The Battery Minder takes a different approach: an 8-port USB-C charging station with per-port current monitoring that detects when a battery reaches ~80% SoC by observing the charge profile itself, then cuts power. No Bluetooth pairing, no device-specific protocols, no software to install. It works with any USB-powered device that charges a lithium-ion cell.

How It Works

Lithium-ion batteries charge in two distinct phases. During constant-current (CC) mode, the charger delivers its full rated current while cell voltage climbs. When the cell reaches its voltage limit (typically 4.2V), the charger transitions to constant-voltage (CV) mode: voltage holds steady while current tapers off exponentially as the cell fills.
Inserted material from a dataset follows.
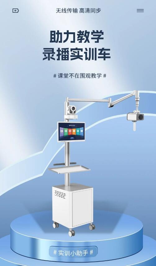 實(shí)訓(xùn)教學(xué)系統(tǒng)高度集成化,免安裝免布線,集無線傳輸、錄制、直播、點(diǎn)播、數(shù)字音頻處理、無線投屏等功能于一體,人性化操作,簡(jiǎn)單方便,快捷高效。專為各種實(shí)訓(xùn)場(chǎng)所、操作車間打造的一套全覆蓋移動(dòng)式拍攝系統(tǒng),支持多個(gè)機(jī)位組成對(duì)拍攝區(qū)域的多角度高清拍攝,專業(yè)級(jí)遠(yuǎn)距離無線傳輸技術(shù)(5.8G)減少因環(huán)境因素造成的視頻傳輸不穩(wěn)定現(xiàn)象;底部采用萬(wàn)向滾輪和儲(chǔ)物箱結(jié)構(gòu),配備萬(wàn)向搖臂與11.6寸高清觸摸顯示屏,可通過實(shí)時(shí)畫面調(diào)整攝像機(jī)的拍攝角度。

During CC mode, current is flat at the peak rate and SoC rises roughly linearly — this is the fast part of the charge. Once the cell hits its voltage limit, the charger switches to CV mode: voltage is capped and current decays exponentially as the cell approaches full. The last 20% of capacity takes disproportionately long.

Detection Strategy

The key insight is that you don't need to know the battery voltage or communicate with the device. You only need to watch the current. The CC-to-CV transition causes a distinctive inflection in the current draw: a flat plateau that begins decaying exponentially. By monitoring when the current drops below a configured fraction of the peak (the taper ratio), the firmware can infer approximately how full the battery is.

The taper ratio is the threshold expressed as a fraction of peak current. A ratio of 0.55 means "cut power when the current drops to 55% of what it was during CC." For most devices, this corresponds to roughly 78–82% SoC. The ratio is configurable per port in firmware to account for different device types.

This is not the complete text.